The front door buzzer sounded.
“Who’s that?” Crocker asked, getting ready to defend himself.
Janice answered it. A minute later she knocked on the bathroom door cradling towels, a bottle of peroxide, bandages, medical tape.
“You absolutely sure you don’t need a doctor?” she asked.
“No, I can handle this myself. Thanks.” She was pretty, with straight hair to her shoulders.
“Are we still doing this?” he asked Anders.
“What?”
“The meeting. The meeting you called us to. My colleague Akil is supposed to be here, too.”
An alarm sounded in a far corner of his brain.
“That…uh, I don’t know.” Anders quickly looked at his watch. The news had clearly thrown him off his game.

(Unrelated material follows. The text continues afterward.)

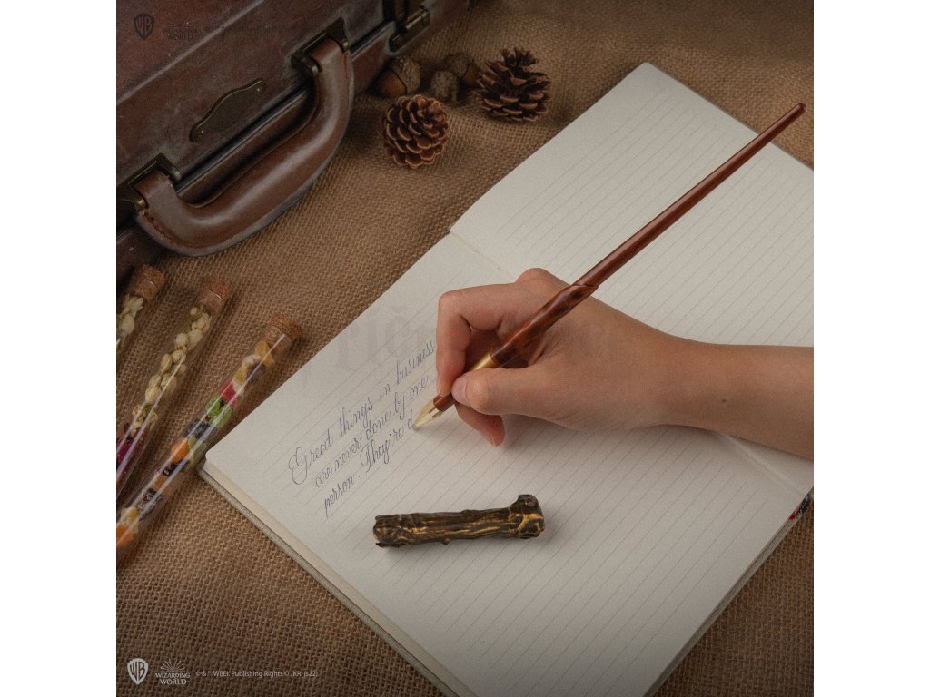 Pero připomínající hůlku není jen replikou z Harryho Pottera, ale také plnohodnotným perem vhodným pro běžné psaní. Toto pero je vybaveno vlastním stojánkem a záložkou označenou jménem majitele hůlky, která vám pomůže sledovat přečtené stránky.

Crocker said, “Maybe we should do it later.”
Anders frowned and shook his head. “No, no, can’t. Our source is bringing us critical information. Important evidence. My understanding is that he returns to Damascus right after this.”
“Okay, then. I’ll get ready.”
“This is so goddamn disturbing,” Anders continued. “I just spoke to Jared this morning. He was scheduled to go on R &R after the mission.” His face was beet red, and he looked like he wanted to scream.
“What mission?”
“You’ll soon find out.”
“Seemed like a great guy.”
“Dynamic, yeah. Smart, fun. A huge, huge loss.”
As Anders was heating up, Crocker started to calm down.
“All right,” he said. “If we’re going through with the meeting, I’m going to have to borrow a shirt.”
“The timing sucks, I know. But I’ve been led to believe that our source is bringing intelligence that needs to be acted on immediately.”
“The darker the better. The shirt, I mean.” Crocker’s wardrobe leaned toward black, but this time he had a reason that went beyond convenience. A dark color would hide the blood from his back if it leaked through.
“Right.”
Anders finished helping Crocker clean his back and secure the bandages. He looked at his watch again when they were done. “They’re scheduled to arrive in fifteen minutes. I’d better tell Janice to order the drinks and snacks.”
“They?”
“A Syrian businessman and his assistant.”
“Go ahead. I’ll wait.” He thought of something and grabbed Anders’s wrist. “What are you going to tell them about Jared?”
“Jared? Good question. I don’t know if they’re expecting him. I’ll wait for him to ask.”
“What’s his name?”
“Manshir Talab. He’s a friend of ours.”
“You mean he’s a source.”
Anders nodded.
“Do we have any friends in this part of the world?” Crocker asked.
“Good question.”
“I mean people we can trust with our lives?”
“I can’t answer that definitively. I’d better go.”
He left. Crocker had no appetite, but he was thirsty. So he twisted open the bottle of Evian he found near the sink and sat on the edge of the tub drinking and remembering his Black Cell/SEAL colleague Akil, who had arrived with him yesterday.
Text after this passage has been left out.